Personal information
- Full name: Stuart James Gardiner
- Born: 19 March 1947 (age 79) Blomfontein, Orange Free State, South Africa
- Batting: Left-handed
- Bowling: Left-arm medium

Domestic team information
- 1967/68–1973/74: Orange Free State
- 1974/75: Northern Transvaal
- 1978: Cambridge University

Career statistics
| Competition | First-class | List A |
| Matches | 34 | 8 |
| Runs scored | 556 | 21 |
| Batting average | 16.84 | 4.20 |
| 100s/50s | –/– | –/– |
| Top score | 40* | 7* |
| Balls bowled | 5,863 | 432 |
| Wickets | 111 | 8 |
| Bowling average | 24.97 | 38.37 |
| 5 wickets in innings | 5 | – |
| 10 wickets in match | – | – |
| Best bowling | 6/49 | 3/62 |
| Catches/stumpings | 13/– | 2/– |
- Source: Cricinfo, 6 September 2019

= Stuart Gardiner =

South African cricketer

Stuart James Gardiner (born 19 March 1947) is a South African former cricketer.

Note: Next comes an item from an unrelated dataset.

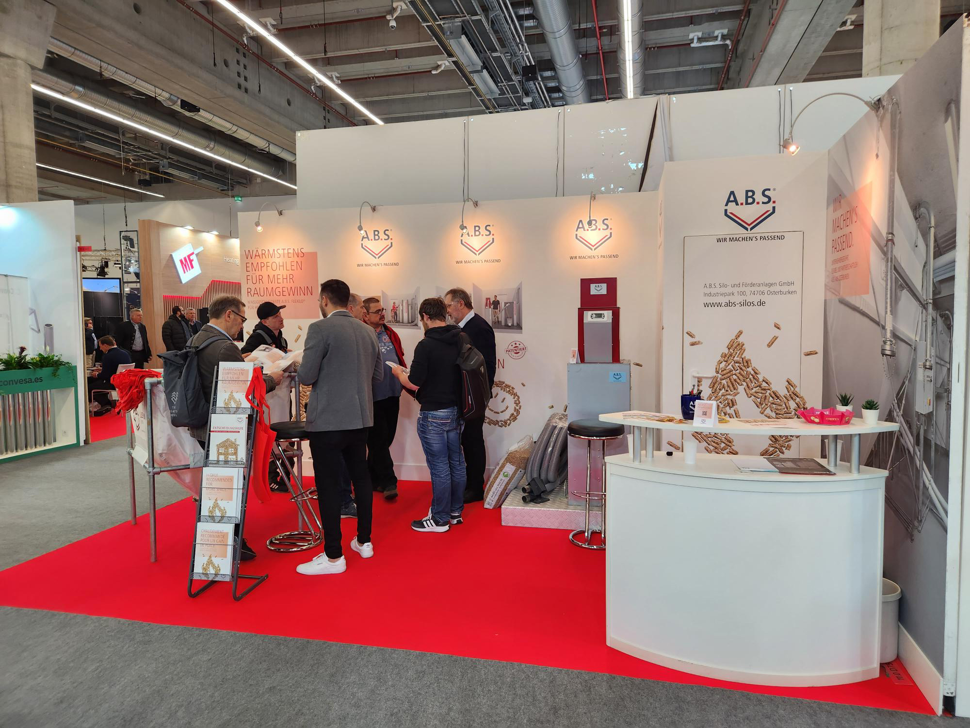 Auch das Team von A.B.S. freute sich, den Profis aus Handwerk, Fachgroßhändlern, Architekten und Entscheidungsträgern aus der nationalen und internationalen Sanitär-, Heizungs- und Klimabranche eine Auswahl ihrer hochwertigen Produkte zur Lagerung und Förderung von Holzpellets zu präsentieren:

Gardiner was born at Blomfontein in March 1947. He made his debut in first-class cricket for Orange Free State against Griqualand West at Blomfontein in the 1967–68 Currie Cup. He played first-class cricket for Orange Free State until the 1973–74 Currie Cup, making 25 appearances. Playing as a left-arm medium pace bowler, Gardiner took 98 wickets in his 25 appearances for Orange Free State, at an average of 22.84 and best figures of 6 for 49. These figures, one of five five wicket hauls he took, came against Northern Transvaal in the 1972–73 Currie Cup. As a lower-order batsman, he scored 485 runs at a batting average of 17.96 and a high score of 40 not out. Gardiner also made a single first-class appearance for a Combined Section B XI against D. H. Robins' XI in January 1973. He also played List A one-day cricket, debuting for Orange Free State against Eastern Province in the 1970–71 Gillette Cup. He made five List A appearances for Orange Free State, as well as making a single appearance for Northern Transvaal in the 1974–75 Gillette Cup.

He later studied in England at St John's College, Cambridge. While studying at Cambridge, he made eight appearances for Cambridge University in 1978, in addition to making two appearances for the Combined Universities cricket team in the 1978 Benson & Hedges Cup.